* Directions
Practice item. Set the material below down again exactly, with no pictures.

━━━ Excerpted data ━━━

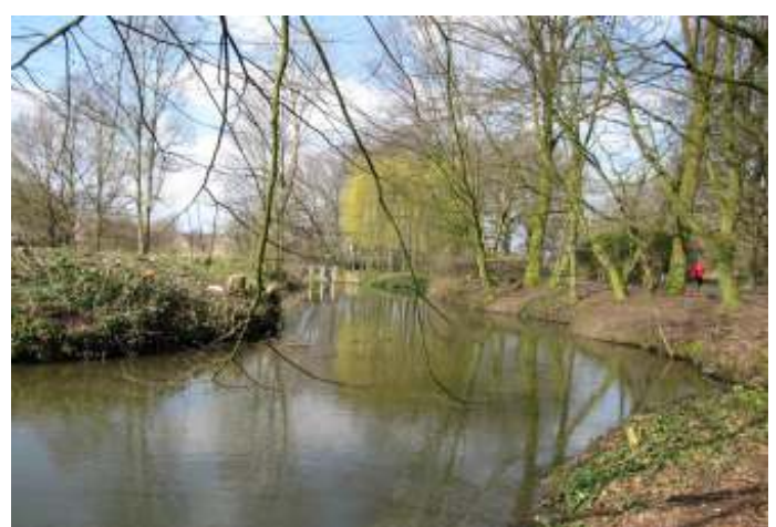
... en op 4 maart 2020
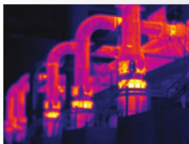
Manual focus 手動對焦

100 % 對焦 – 每個物件。近遠皆宜。MultiSharp™ Focus。多點對焦
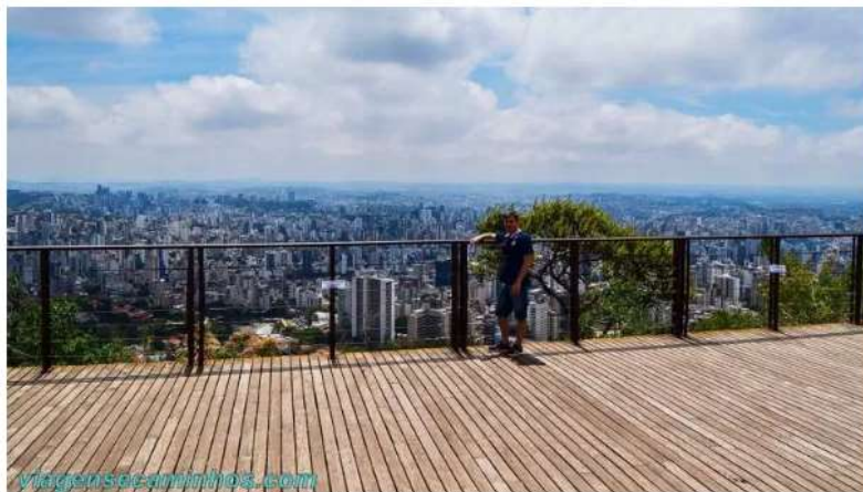
O que fazer em Belo Horizonte – Mirante das Mangabeiras
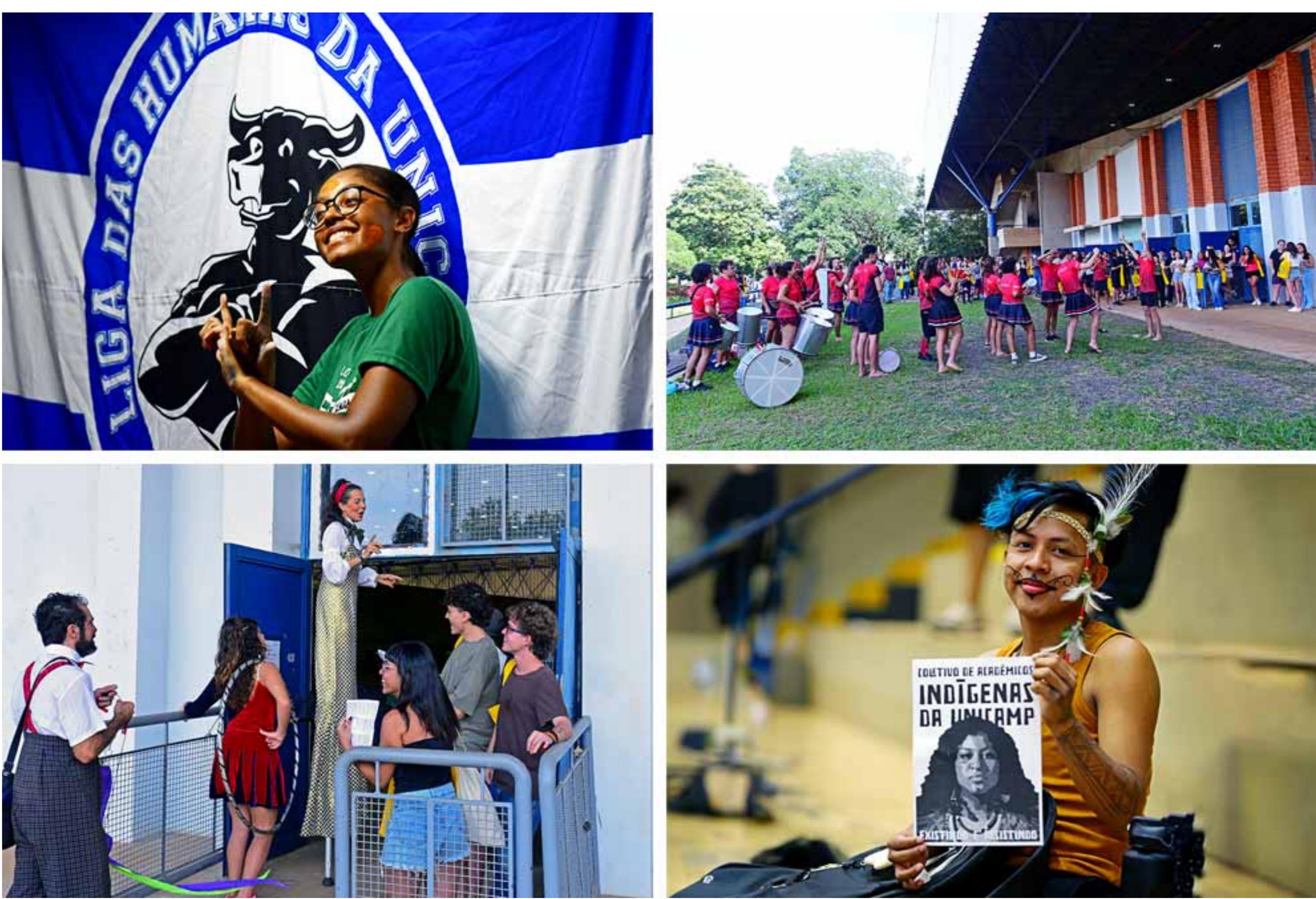
Várias atividades foram programadas para dar as boas-vindas aos calouros; programação da Calourada prossegue durante a semana nas faculdades e institutos

Mais um ano letivo teve início nesta quarta-feira (28), na Unicamp, com a Calourada 2024, evento organizado pela Pró-Reitoria de Graduação (PRG) e pela Pró-Reitoria de Extensão e Cultura (Proec), em que os alunos recém-chegados puderam conhecer um pouco dos serviços oferecidos pela Universidade, saber das iniciativas de esportivas, empresas juniores e coletivos acadêmicos, receber o kit ingresso e se apresentar aos colegas com quem vão dividir as salas de aula e a vida universitária pelos próximos anos. O evento teve início às 9h, no Ginásio Multidisciplinar da Unicamp (GMU).
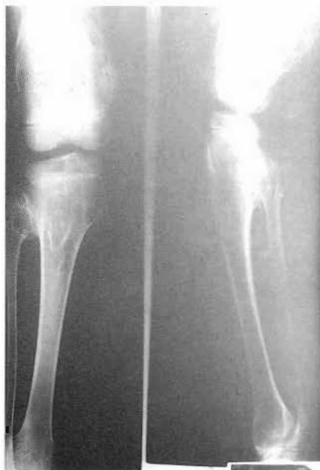
Figura 2. Exóstosis tibio-peroneas.

La enfermedad de las exóstosis múltiples cartilaginosa se transmite como un rasgo autosómico dominante y se caracteriza por la existencia de excrecencias óseas pediculadas de crecimiento excéntrico que originan deformidades óseas secundarias. A diferencia de las endondromatosis o condromatosis internas, tienen tendencia a la afectación bilateral aunque de forma no completamente simétrica. Las exóstosis se advierten como tumoraciones delimitadas no dolorosas y firmemente adheridas al hueso subyacente. En ocasiones pueden originar disfunciones mecánicas derivadas de

━━━

* Result of the task
... en op 4 maart 2020
Manual focus 手動對焦

100 % 對焦 – 每個物件。近遠皆宜。MultiSharp™ Focus。多點對焦
O que fazer em Belo Horizonte – Mirante das Mangabeiras
Várias atividades foram programadas para dar as boas-vindas aos calouros; programação da Calourada prossegue durante a semana nas faculdades e institutos

Mais um ano letivo teve início nesta quarta-feira (28), na Unicamp, com a Calourada 2024, evento organizado pela Pró-Reitoria de Graduação (PRG) e pela Pró-Reitoria de Extensão e Cultura (Proec), em que os alunos recém-chegados puderam conhecer um pouco dos serviços oferecidos pela Universidade, saber das iniciativas de esportivas, empresas juniores e coletivos acadêmicos, receber o kit ingresso e se apresentar aos colegas com quem vão dividir as salas de aula e a vida universitária pelos próximos anos. O evento teve início às 9h, no Ginásio Multidisciplinar da Unicamp (GMU).
Figura 2. Exóstosis tibio-peroneas.

La enfermedad de las exóstosis múltiples cartilaginosa se transmite como un rasgo autosómico dominante y se caracteriza por la existencia de excrecencias óseas pediculadas de crecimiento excéntrico que originan deformidades óseas secundarias. A diferencia de las endondromatosis o condromatosis internas, tienen tendencia a la afectación bilateral aunque de forma no completamente simétrica. Las exóstosis se advierten como tumoraciones delimitadas no dolorosas y firmemente adheridas al hueso subyacente. En ocasiones pueden originar disfunciones mecánicas derivadas de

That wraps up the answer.